◆ YOUR OBJECTIVE
Using the records that appear below, write out exactly the lines from the one with "4、 图片已显示在应用界面,点击左下角的套索工具即可操作。" through the one with "傷害三、拆套后,檢查深溝球軸", keeping both end lines.

◆ PROVIDED DATA

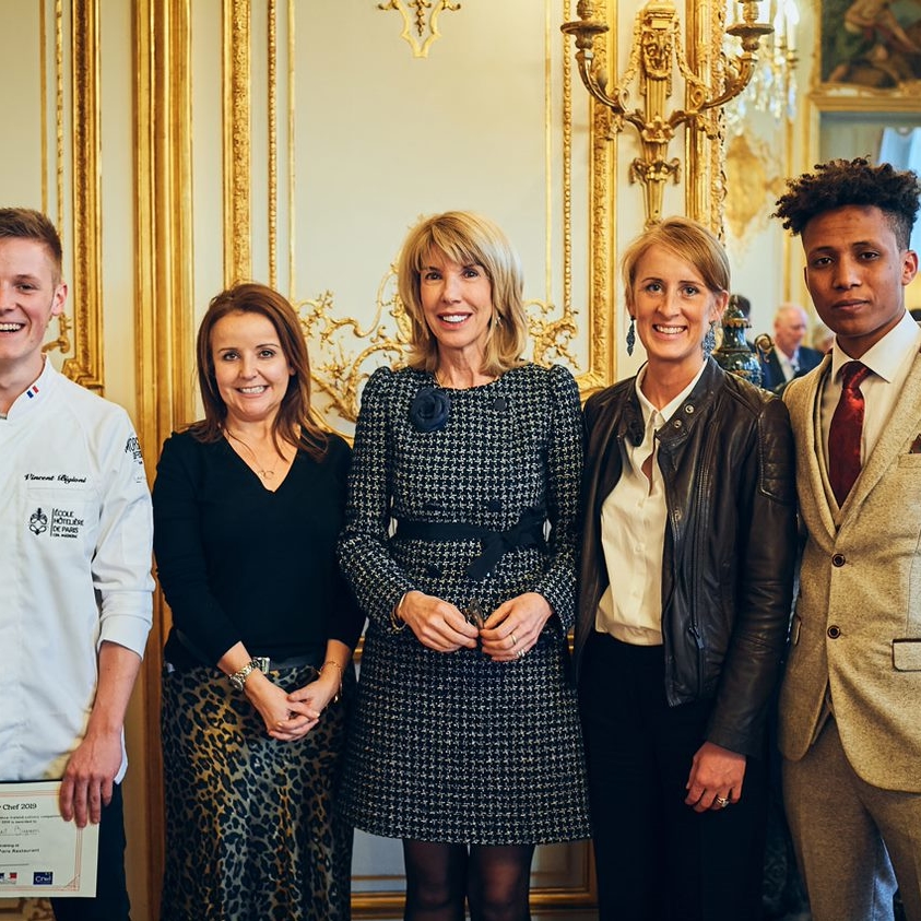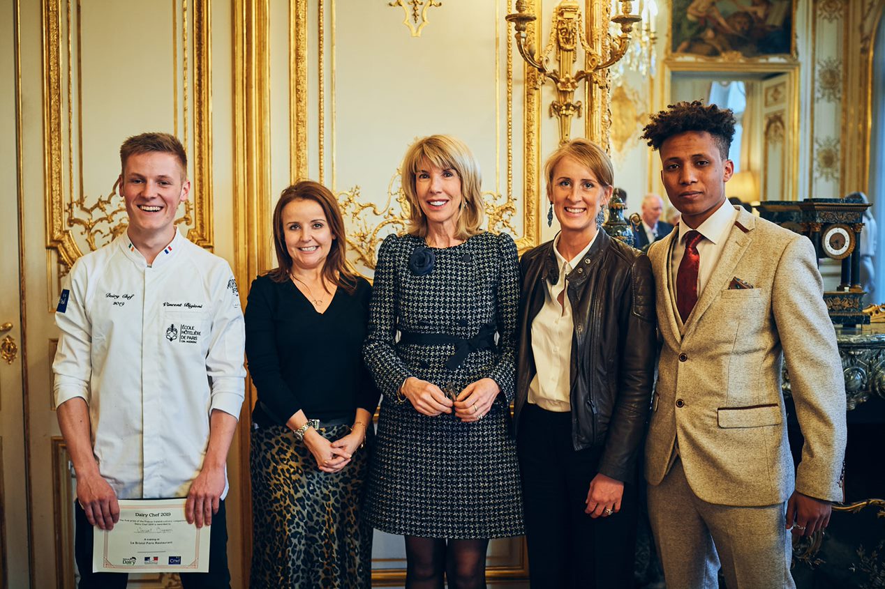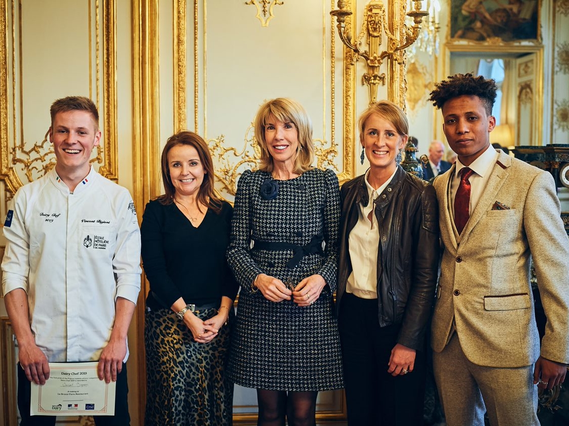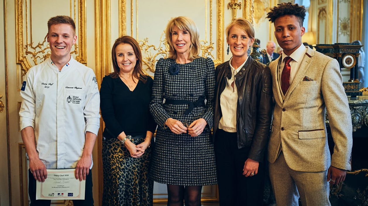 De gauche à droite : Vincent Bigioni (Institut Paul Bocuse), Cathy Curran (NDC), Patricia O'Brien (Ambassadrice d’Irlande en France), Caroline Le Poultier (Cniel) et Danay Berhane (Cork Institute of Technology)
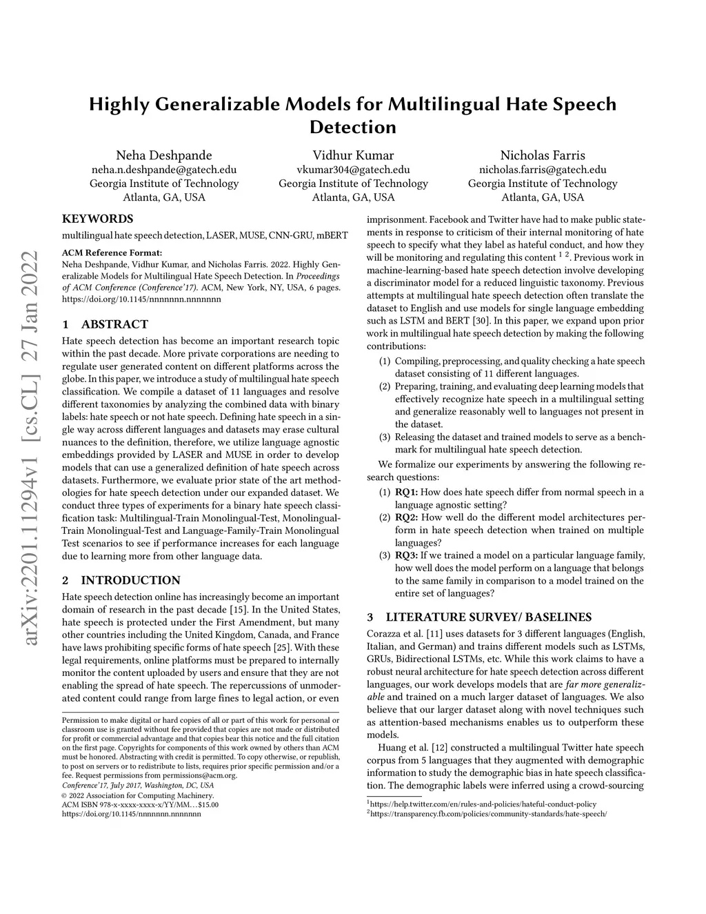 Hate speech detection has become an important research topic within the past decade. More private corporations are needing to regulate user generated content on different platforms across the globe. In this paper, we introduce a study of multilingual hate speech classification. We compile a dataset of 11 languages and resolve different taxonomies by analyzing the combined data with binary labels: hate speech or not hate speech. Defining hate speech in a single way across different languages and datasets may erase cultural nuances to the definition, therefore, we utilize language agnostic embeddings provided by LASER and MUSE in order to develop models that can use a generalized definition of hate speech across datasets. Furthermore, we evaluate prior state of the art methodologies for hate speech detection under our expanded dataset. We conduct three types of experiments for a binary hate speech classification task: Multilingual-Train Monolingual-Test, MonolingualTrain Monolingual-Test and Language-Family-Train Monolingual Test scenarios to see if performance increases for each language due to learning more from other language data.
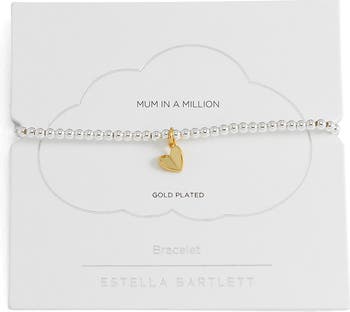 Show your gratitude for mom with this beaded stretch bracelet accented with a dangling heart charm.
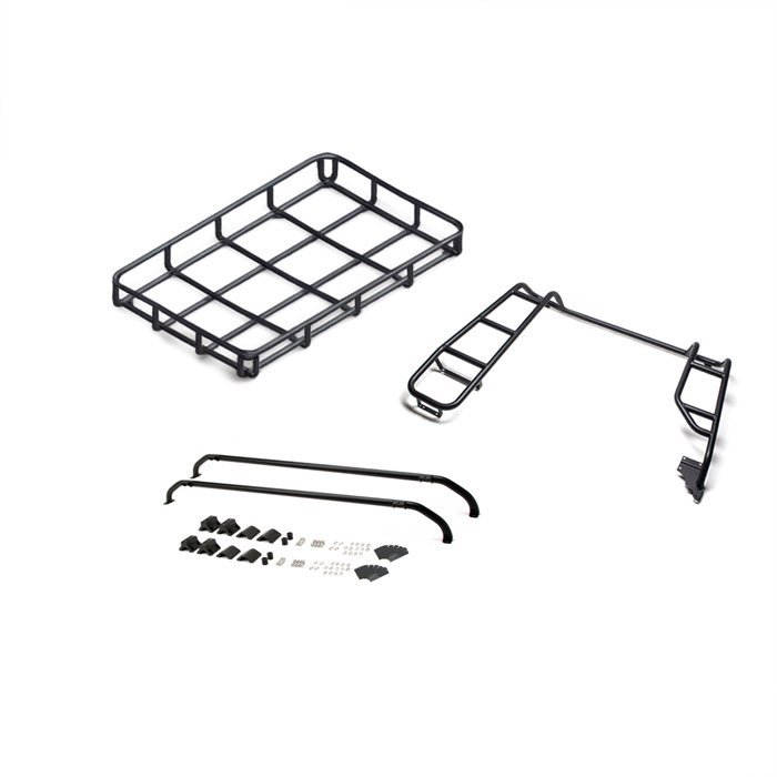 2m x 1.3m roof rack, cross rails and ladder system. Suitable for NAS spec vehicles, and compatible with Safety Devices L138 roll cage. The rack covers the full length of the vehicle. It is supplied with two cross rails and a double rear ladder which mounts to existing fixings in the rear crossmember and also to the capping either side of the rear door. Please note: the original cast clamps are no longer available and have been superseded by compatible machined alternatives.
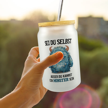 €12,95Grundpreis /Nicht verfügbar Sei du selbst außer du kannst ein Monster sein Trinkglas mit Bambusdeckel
---
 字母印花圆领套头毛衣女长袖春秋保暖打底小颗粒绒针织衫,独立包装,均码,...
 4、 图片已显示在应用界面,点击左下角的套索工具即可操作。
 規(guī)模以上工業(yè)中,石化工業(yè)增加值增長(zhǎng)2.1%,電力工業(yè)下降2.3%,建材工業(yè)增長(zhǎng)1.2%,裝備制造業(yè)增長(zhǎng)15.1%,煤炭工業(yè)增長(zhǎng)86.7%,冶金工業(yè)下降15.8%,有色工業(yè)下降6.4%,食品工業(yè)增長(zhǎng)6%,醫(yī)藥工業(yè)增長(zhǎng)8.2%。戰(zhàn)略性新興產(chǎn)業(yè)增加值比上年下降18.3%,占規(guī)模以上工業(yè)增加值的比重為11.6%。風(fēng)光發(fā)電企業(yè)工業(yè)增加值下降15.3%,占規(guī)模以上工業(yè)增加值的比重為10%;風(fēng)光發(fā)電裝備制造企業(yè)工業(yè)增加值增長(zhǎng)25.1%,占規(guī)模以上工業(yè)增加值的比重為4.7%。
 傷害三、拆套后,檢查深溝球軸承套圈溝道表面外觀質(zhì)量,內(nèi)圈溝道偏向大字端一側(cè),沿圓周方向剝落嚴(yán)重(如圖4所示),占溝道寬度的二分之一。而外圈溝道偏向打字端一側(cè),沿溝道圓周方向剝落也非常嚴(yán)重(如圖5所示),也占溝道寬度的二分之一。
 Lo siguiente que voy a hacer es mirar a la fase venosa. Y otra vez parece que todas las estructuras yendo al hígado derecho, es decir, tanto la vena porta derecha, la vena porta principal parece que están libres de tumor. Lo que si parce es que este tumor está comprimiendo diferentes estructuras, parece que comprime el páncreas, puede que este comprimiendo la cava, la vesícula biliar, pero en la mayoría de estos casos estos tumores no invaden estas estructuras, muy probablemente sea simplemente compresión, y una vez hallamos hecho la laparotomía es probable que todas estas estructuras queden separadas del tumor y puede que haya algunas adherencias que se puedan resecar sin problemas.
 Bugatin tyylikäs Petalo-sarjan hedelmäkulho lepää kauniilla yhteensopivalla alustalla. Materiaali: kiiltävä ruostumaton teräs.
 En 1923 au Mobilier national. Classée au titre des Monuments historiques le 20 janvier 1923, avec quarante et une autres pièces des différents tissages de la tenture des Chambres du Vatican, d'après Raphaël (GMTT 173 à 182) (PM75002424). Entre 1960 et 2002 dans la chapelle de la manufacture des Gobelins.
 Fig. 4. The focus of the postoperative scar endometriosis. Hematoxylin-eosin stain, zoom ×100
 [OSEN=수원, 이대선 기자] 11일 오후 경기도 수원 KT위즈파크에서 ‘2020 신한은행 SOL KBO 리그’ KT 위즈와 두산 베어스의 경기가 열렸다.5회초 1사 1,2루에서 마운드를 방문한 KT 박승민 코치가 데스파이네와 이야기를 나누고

◆ TASK OUTPUT
 4、 图片已显示在应用界面,点击左下角的套索工具即可操作。
 規(guī)模以上工業(yè)中,石化工業(yè)增加值增長(zhǎng)2.1%,電力工業(yè)下降2.3%,建材工業(yè)增長(zhǎng)1.2%,裝備制造業(yè)增長(zhǎng)15.1%,煤炭工業(yè)增長(zhǎng)86.7%,冶金工業(yè)下降15.8%,有色工業(yè)下降6.4%,食品工業(yè)增長(zhǎng)6%,醫(yī)藥工業(yè)增長(zhǎng)8.2%。戰(zhàn)略性新興產(chǎn)業(yè)增加值比上年下降18.3%,占規(guī)模以上工業(yè)增加值的比重為11.6%。風(fēng)光發(fā)電企業(yè)工業(yè)增加值下降15.3%,占規(guī)模以上工業(yè)增加值的比重為10%;風(fēng)光發(fā)電裝備制造企業(yè)工業(yè)增加值增長(zhǎng)25.1%,占規(guī)模以上工業(yè)增加值的比重為4.7%。
 傷害三、拆套后,檢查深溝球軸承套圈溝道表面外觀質(zhì)量,內(nèi)圈溝道偏向大字端一側(cè),沿圓周方向剝落嚴(yán)重(如圖4所示),占溝道寬度的二分之一。而外圈溝道偏向打字端一側(cè),沿溝道圓周方向剝落也非常嚴(yán)重(如圖5所示),也占溝道寬度的二分之一。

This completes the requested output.